In essence, Moseley, Hsieh, and their NASA Jet Propulsion Laboratory and CalTech University collaborators have found a way to dramatically shrink the size of the instrument. Compared with traditional spectrometers, which typically are table sized, the entire MicroSpec package of components, including its detectors, optics, and filters, would all be arranged on a thin silicon wafer measuring about 400 microns in thickness — four times the width of a human hair — and four inches in diameter.
“The idea was to get everything closely integrated and you get devices that are higher performing,” said Carl Stahle, a Goddard technologist and the new business lead for the Instrument Systems and Technology Division at Goddard. And because the components are assembled on silicon, MicroSpec can be mass-produced, just like the silicon chips used in computers and other electronic equipment.
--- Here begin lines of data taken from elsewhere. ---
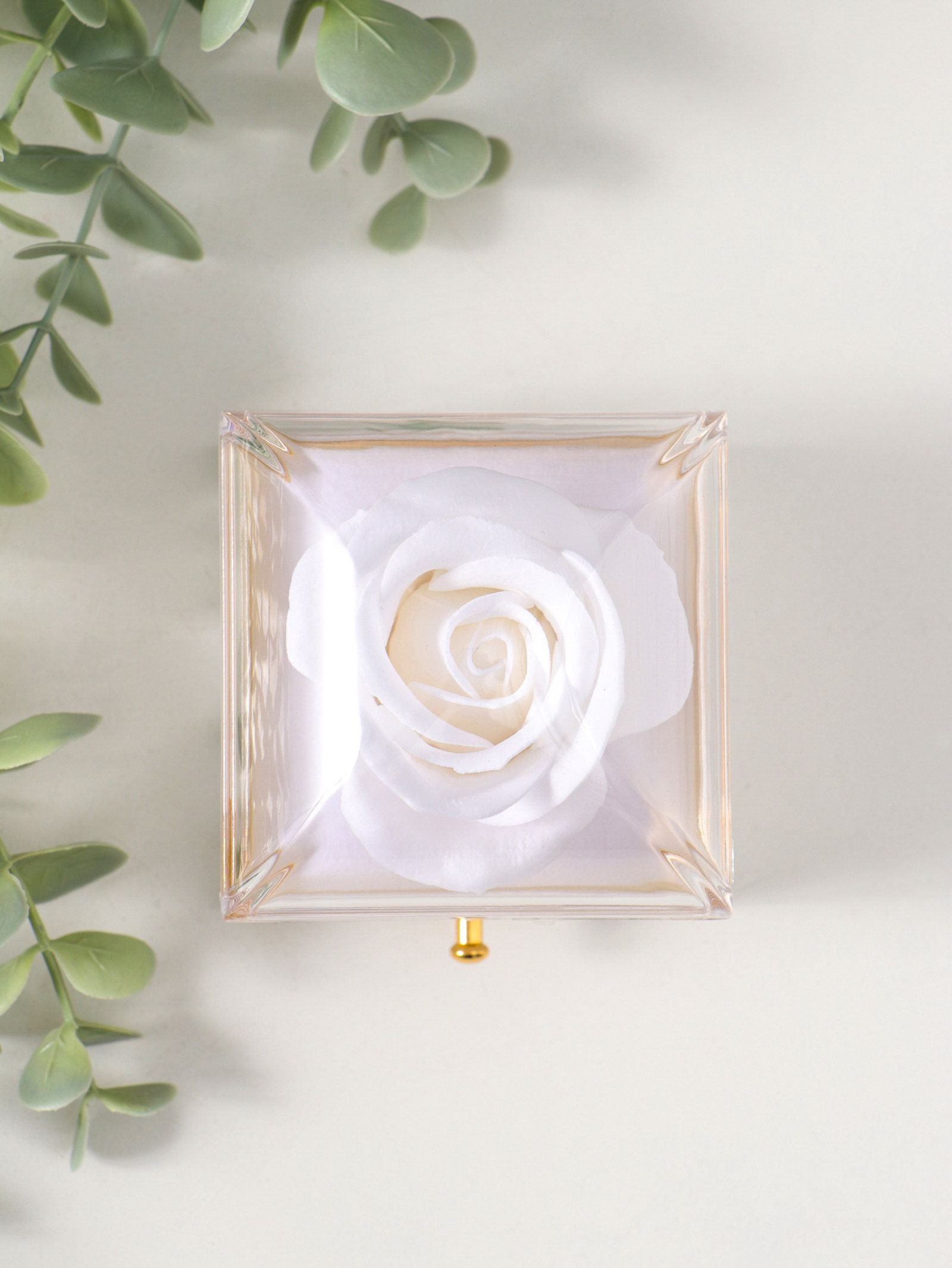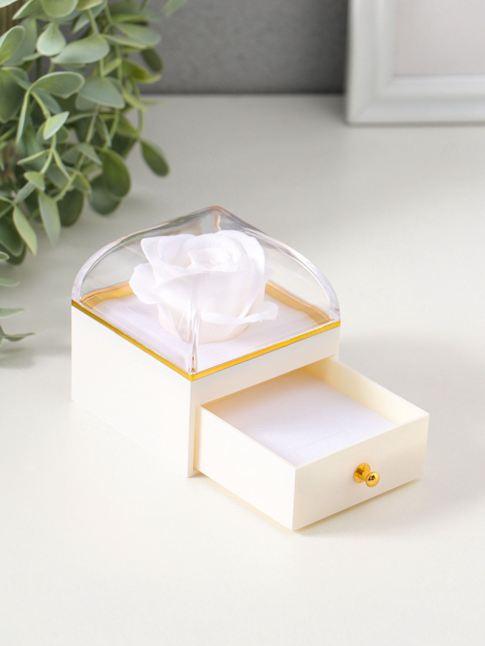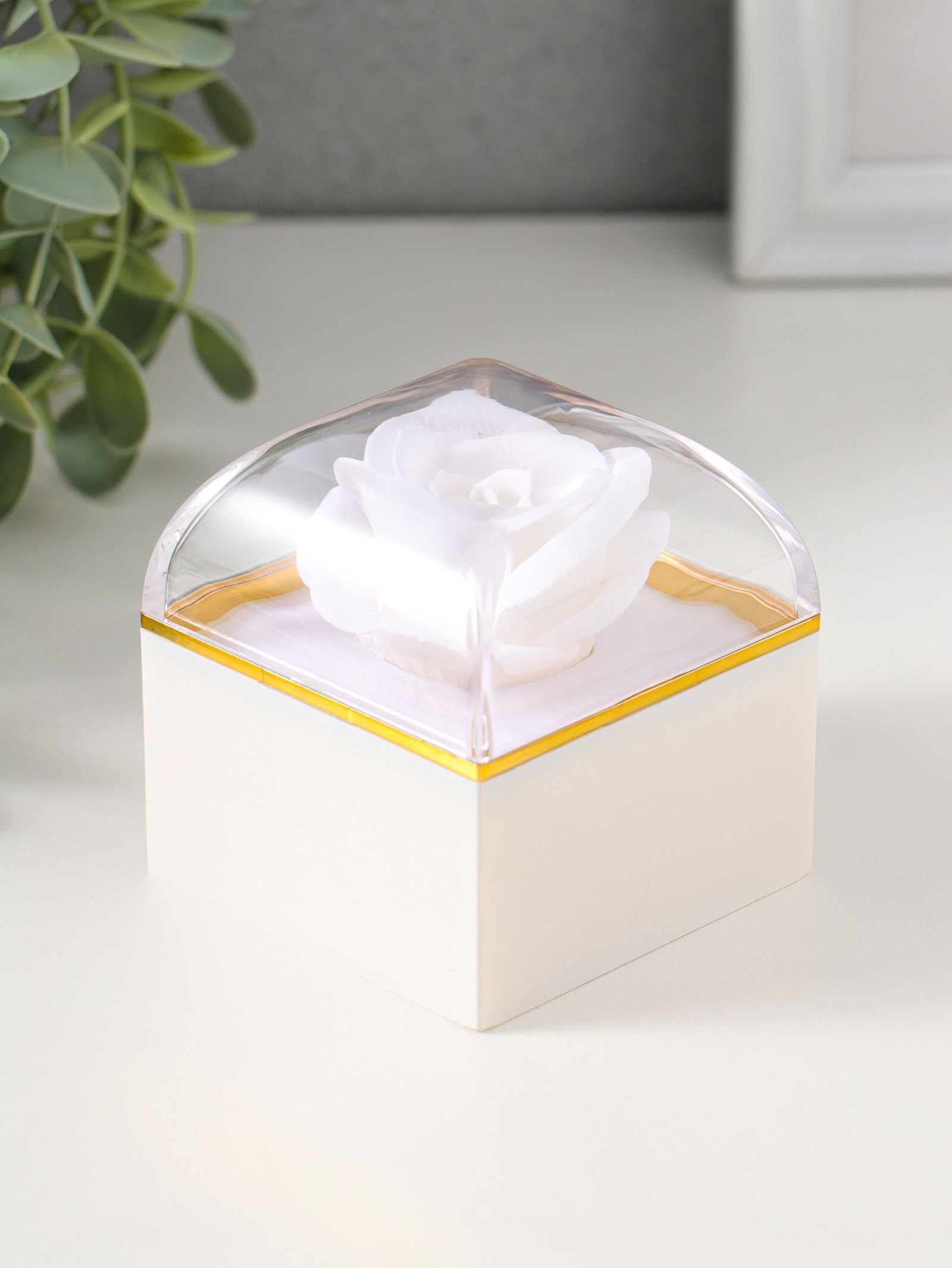 Шкатулка для украшений "Роза в футляре", подарочная, пластик, белая, 6.8x6.8x7.5 см, 6.8x6.8x7.5 см., Китай
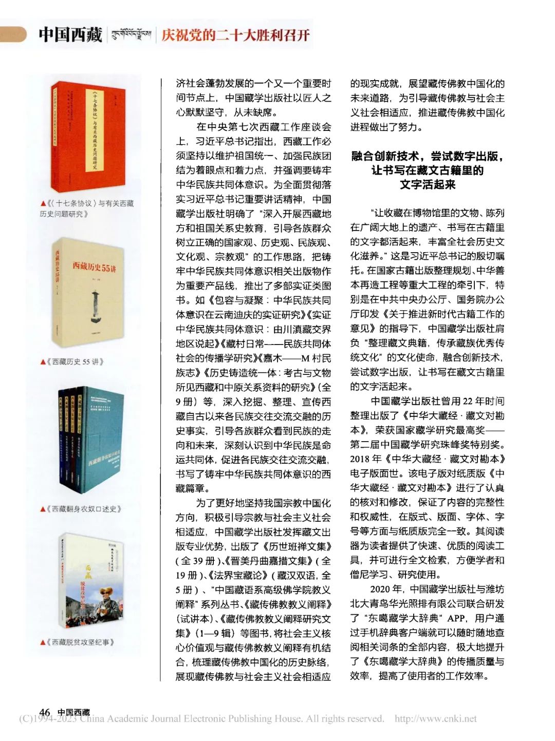 2016年底,國內(nèi)外首部體例完整、內(nèi)容全面、系統(tǒng)展現(xiàn)西藏地方歷史研究成果的通史著作《西藏通史》各卷陸續(xù)出版。全書分8卷13冊,共850余萬字,用扎實(shí)的史料、充分的證據(jù)說明西藏自古以來就是中國領(lǐng)土不可分割的一部分,藏族是中華民族大家庭中的重要成員,西藏傳統(tǒng)文化是中華多元文化的有機(jī)組成部分。2019年推出的“西藏民主改革60年”系列叢書分為經(jīng)濟(jì)卷、政治卷、文化卷、民生卷、生態(tài)環(huán)境卷、宗教卷、文獻(xiàn)資料卷和大事記共8卷,以海量歷史文獻(xiàn)和統(tǒng)計(jì)數(shù)據(jù)為基礎(chǔ),全方位、多視角記錄了西藏民主改革60年來的光輝歷程和偉大成就,具有重要的史料價值和現(xiàn)實(shí)意義。2020年出版的“昌都解放70周年”系列叢書共計(jì)10本,全面回顧了70年來,特別是黨的十八大以來昌都發(fā)生的翻天覆地的變化,認(rèn)真總結(jié)了習(xí)近平總書記治邊穩(wěn)藏重要戰(zhàn)略思想在昌都的成功實(shí)踐經(jīng)驗(yàn)。2021年在策劃推動建黨百年、西藏和平解放70周年主題出版工作中,中國藏學(xué)出版社以“高品位”與“系列化”為宗旨開展圖書選題,推出了《西藏歷史55講》《流淌的吉曲河——學(xué)歷史講拉薩》《〈十七條協(xié)議〉與有關(guān)西藏歷史問題研究》《西藏翻身農(nóng)奴口述史叢書》(全4冊)等一批兼具理論深度和文化溫度,兼顧時代價值與藝術(shù)意蘊(yùn)的精品圖書,在確保政治性和準(zhǔn)確性的同時,注重適應(yīng)現(xiàn)代讀者的生活節(jié)奏與審美情趣,受到讀者們的普遍歡迎。在西藏經(jīng)濟(jì)社會蓬勃發(fā)展的一個又一個重要時間節(jié)點(diǎn)上,中國藏學(xué)出版社以匠人之心默默堅(jiān)守,從未缺席。
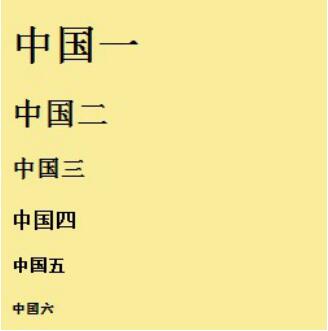 HTML定义<h1></h1>到<h6></h6>六个<h>标签,分别用来不同大小字体的标题(Heading)。字体由大到小,<h1>最大,<h6>则最小。
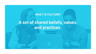 This document summarizes the mission and culture of Palo Alto Software. Their mission is to revolutionize how small businesses set goals and track performance by being the "Fitbit for Small Business." Their culture focuses on relying on data to test ideas and make decisions, solving problems for customers rather than focusing on their own success, being transparent in sharing information, giving employees autonomy over their work, being selective in hiring top talent, and valuing the community.
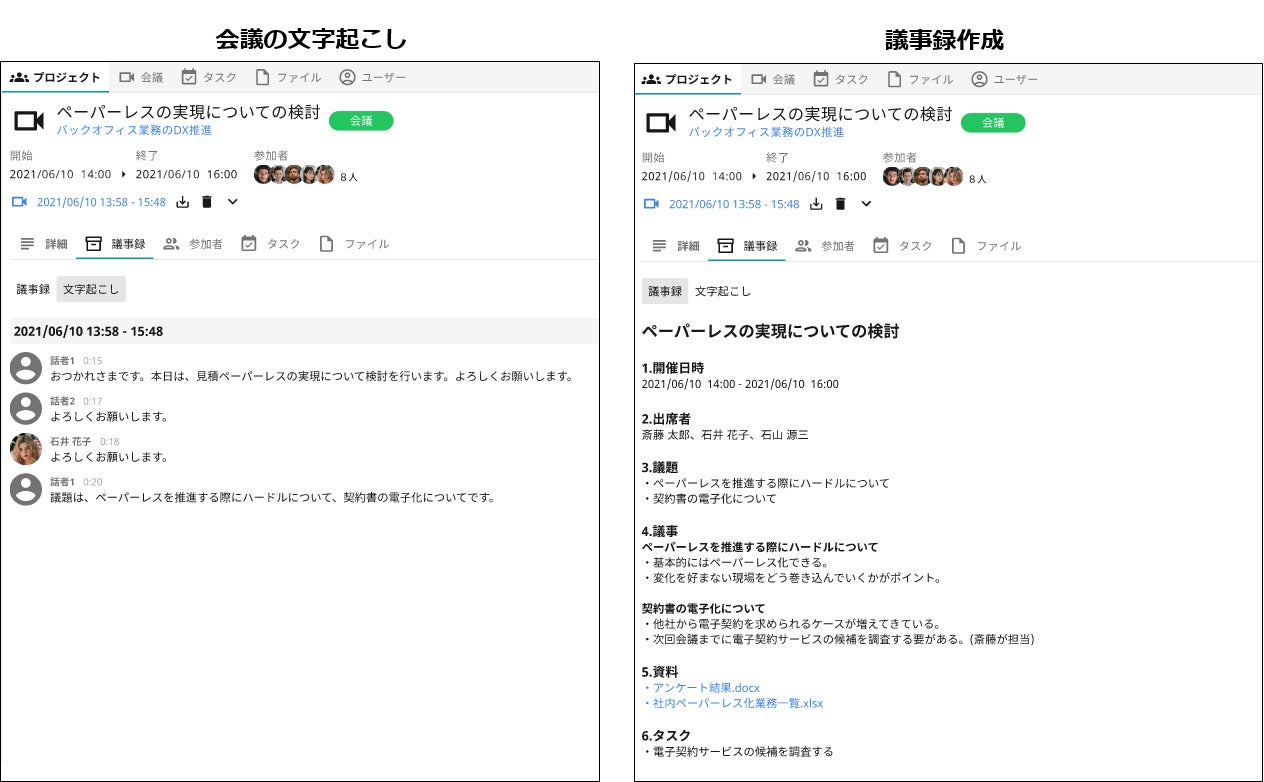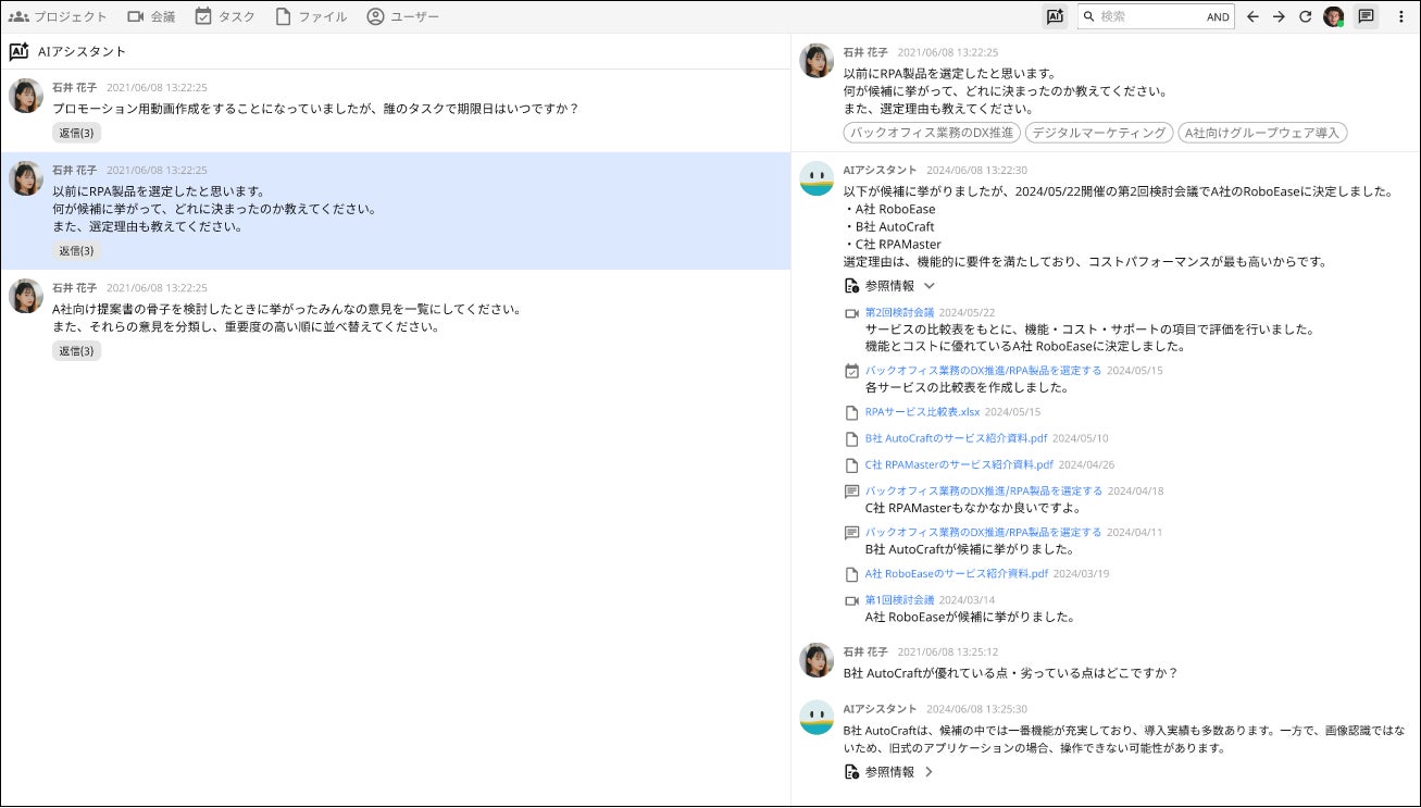 さらに、音声データがテキスト化されることで、AIアシスタントが過去の会議内容を参照できるようになります。これにより、重要な議論の内容や決定事項を「組織のナレッジ」として効果的に活用できるようになります。

Therefore, NASA could produce multiple devices and assemble them as one compact instrument. In addition to providing increased sensitivity, MicroSpec would reduce the amount of time to observe objects in the sky because more light-detection capabilities would be built into the instrument. “The key is understanding what you can do on the silicon wafer. That’s your instrument on a chip,” Stahle explained.
Also contributing to MicroSpec’s increased sensitivity — estimated to be 10,000 times better than current state-of-the-art instruments — is the degree to which it would be cooled. To detect far infrared light, instruments must be cooled to frigid temperatures to prevent instrument-generated heat from swamping the faint infrared signal. Therefore, the colder the instrument, the better the signal it receives. Moseley and team plan to employ an advanced Goddard-developed cooling system that would chill MicroSpec to just a tenth of a degree above absolute zero (-459.67 degrees Fahrenheit).
The future looks good for MicroSpec, Stahle said. Its sensitivity and small size make it suitable for all types of missions, everything from large observatories, like the Hubble Space Telescope, to suborbital missions carried out on balloons and aircraft. “It’s very flexible, adaptable. Any time we can get a factor-of-10 improvement in power, mass, and volume, we think it’s great. But this instrument is promising orders of magnitude performance. That’s almost unheard of. I think anyone would say that’s extraordinary.”